*** Opening of Record extracts ***
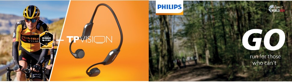 自飞利浦GO系列骨传导耳机上市以来,2021年成为世界顶级公路自行车队,荷兰的Team Jumbo Visma(珍宝-威斯玛)车队官方合作伙伴。2022年成为Wings for life World-Run跑团项目全球官方合作伙伴。
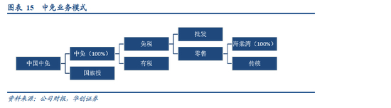 中免免税业务模式为中免本部统一向供应商采购免税品,加一定价格批发给下属免税店,下属免税店向出入境和离岛旅客销售免税品。免税分为批发、传统渠道的免税零售、海棠湾免税店零售。
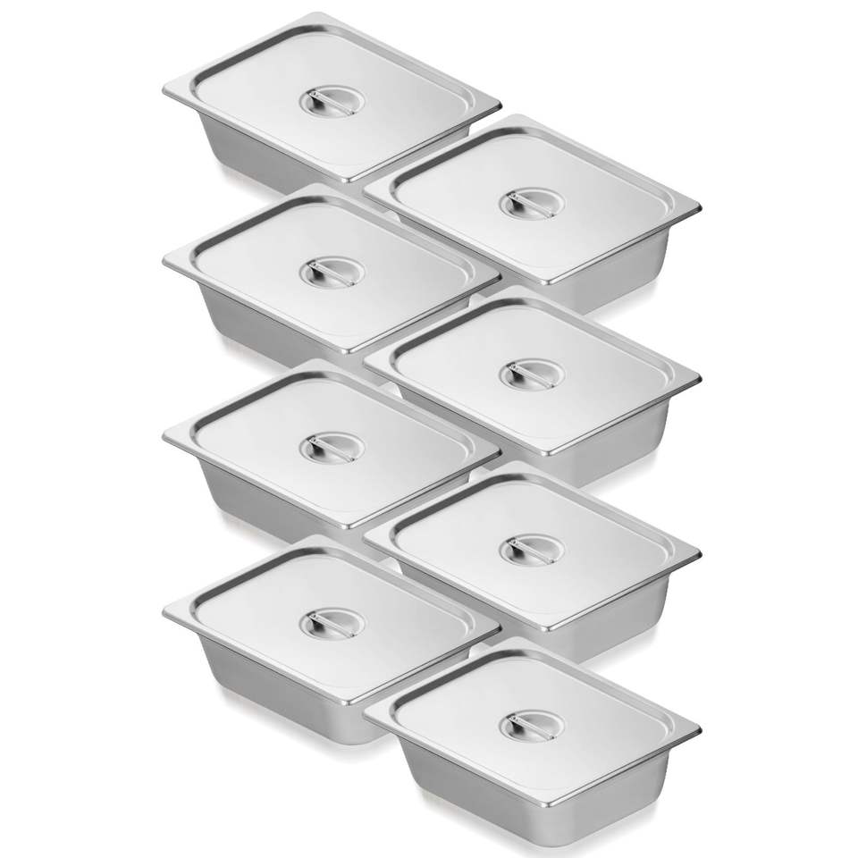 Set da 8 teglie gastronorm 1/2 in acciaio inox anti-inceppamento, spessore 0,8 mm, per uso commerciale e alberghiero, profondità 4 pollici, con coperchio, per cucina professionale
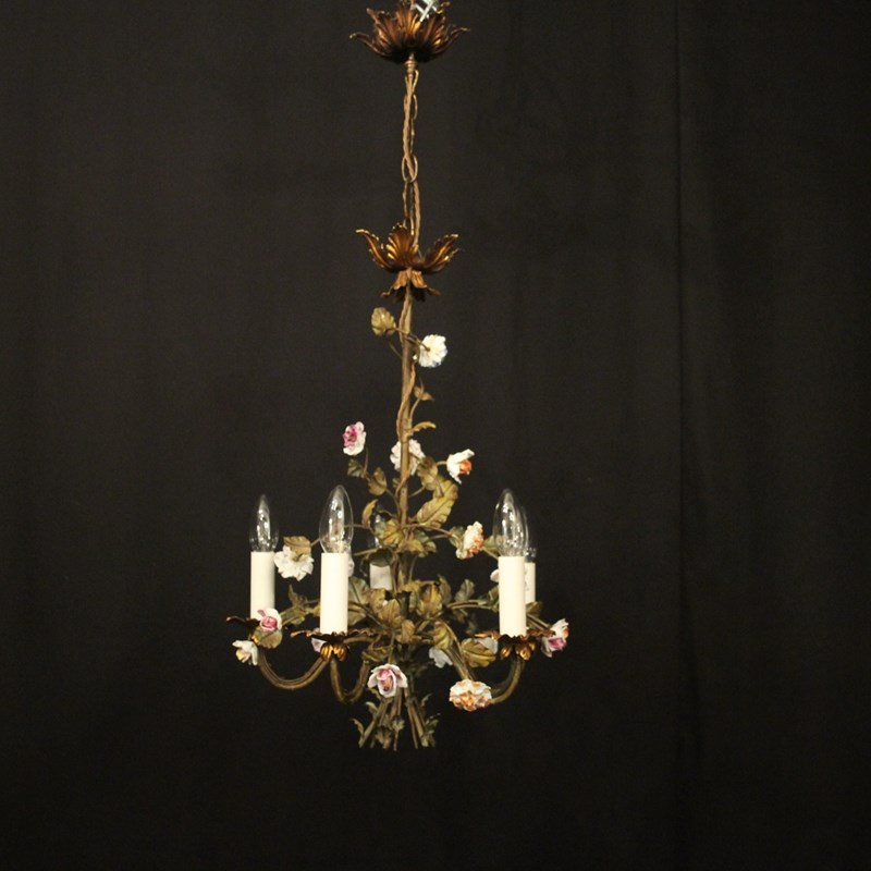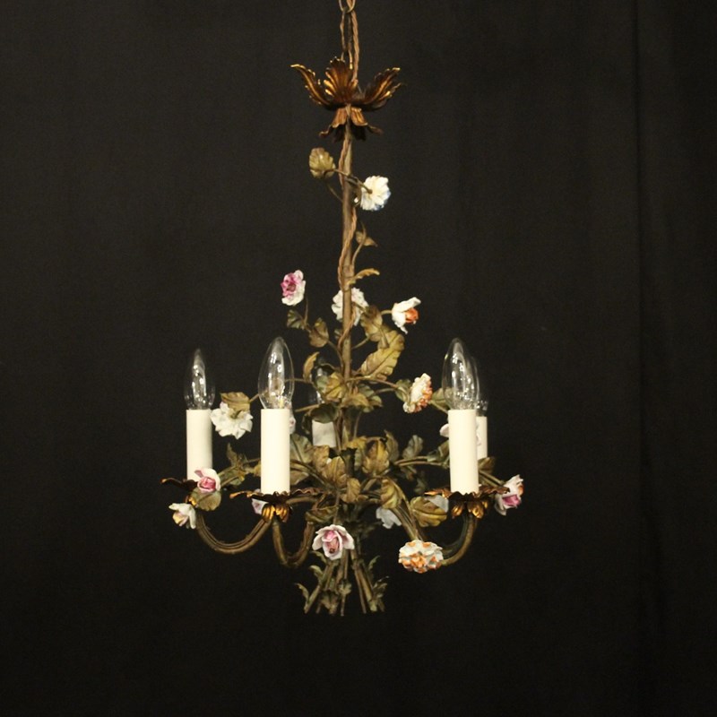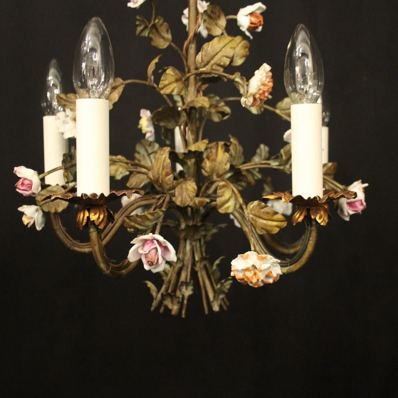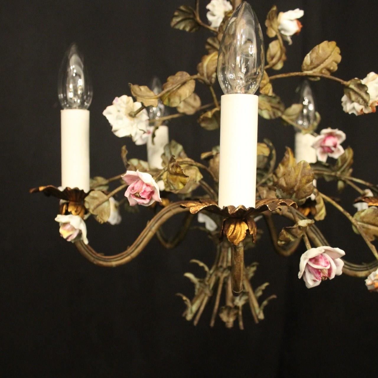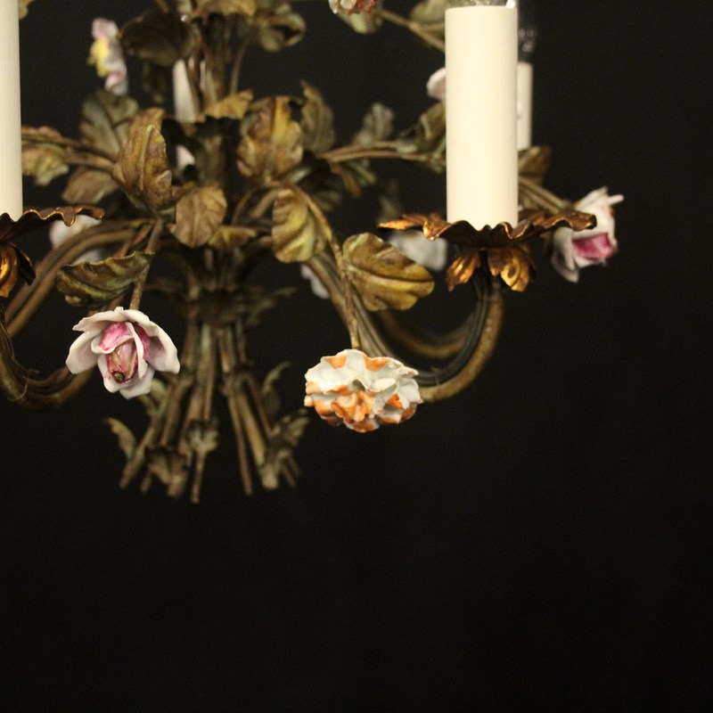 A decorative French polychrome toleware floral five light chandelier, the leaf scrolling arms with sectional leaf bobeche drip pans, issuing from an ornate leaf centre with polychrome porcelain flower heads and having the original chain and ceiling rose. Lovely original patination and very pretty. Fully rewired and PAT tested. All our chandeliers come with bulbs and ceiling fixings.
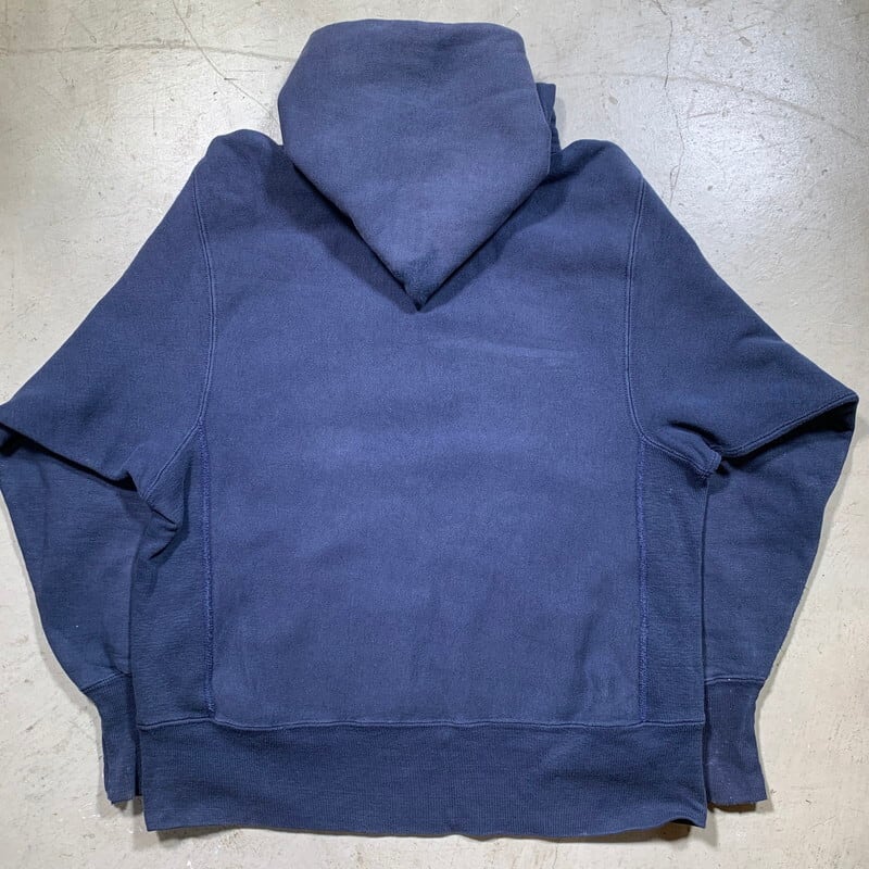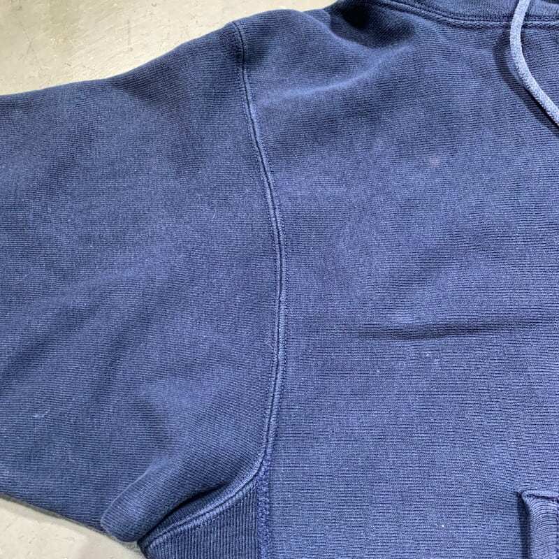 70's Champion チャンピオン リバースウィーブ スウェットパーカー 目無し ソリッド 単色タグ ネイビー SMALL ダメージ有り USA製 希少 ヴィンテージ BA-1632 RM2051H
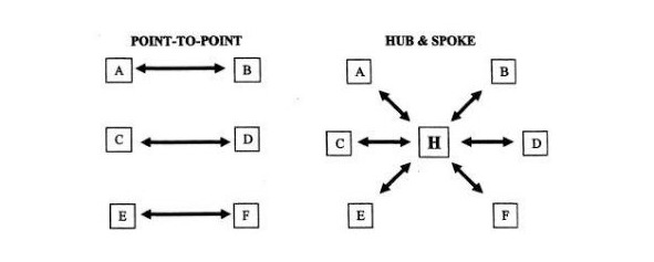 Диаграмма Модели интеграции типа «Point-to-point» и «Hub & Spoke»
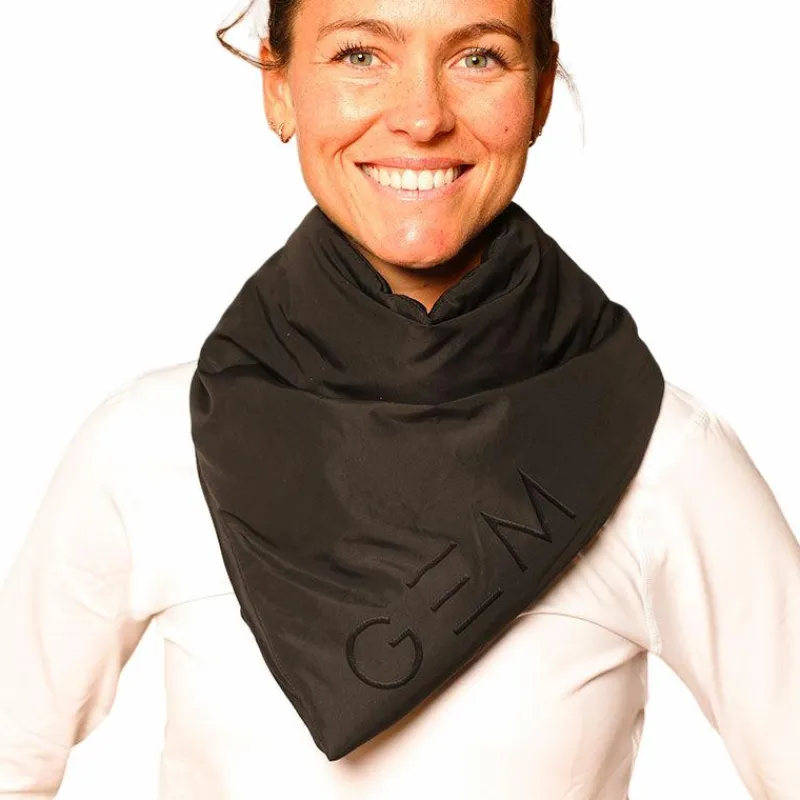 • Logo GEM ton sur ton sur le bord de l’écharpe
*** Close of Record extracts ***
→ **What you should do**
Exactly as written, please copy out the whole set of records, skipping images.

→ **Exercise output**
 自飞利浦GO系列骨传导耳机上市以来,2021年成为世界顶级公路自行车队,荷兰的Team Jumbo Visma(珍宝-威斯玛)车队官方合作伙伴。2022年成为Wings for life World-Run跑团项目全球官方合作伙伴。
 中免免税业务模式为中免本部统一向供应商采购免税品,加一定价格批发给下属免税店,下属免税店向出入境和离岛旅客销售免税品。免税分为批发、传统渠道的免税零售、海棠湾免税店零售。
 Set da 8 teglie gastronorm 1/2 in acciaio inox anti-inceppamento, spessore 0,8 mm, per uso commerciale e alberghiero, profondità 4 pollici, con coperchio, per cucina professionale
 A decorative French polychrome toleware floral five light chandelier, the leaf scrolling arms with sectional leaf bobeche drip pans, issuing from an ornate leaf centre with polychrome porcelain flower heads and having the original chain and ceiling rose. Lovely original patination and very pretty. Fully rewired and PAT tested. All our chandeliers come with bulbs and ceiling fixings.
 70's Champion チャンピオン リバースウィーブ スウェットパーカー 目無し ソリッド 単色タグ ネイビー SMALL ダメージ有り USA製 希少 ヴィンテージ BA-1632 RM2051H
 Диаграмма Модели интеграции типа «Point-to-point» и «Hub & Spoke»
 • Logo GEM ton sur ton sur le bord de l’écharpe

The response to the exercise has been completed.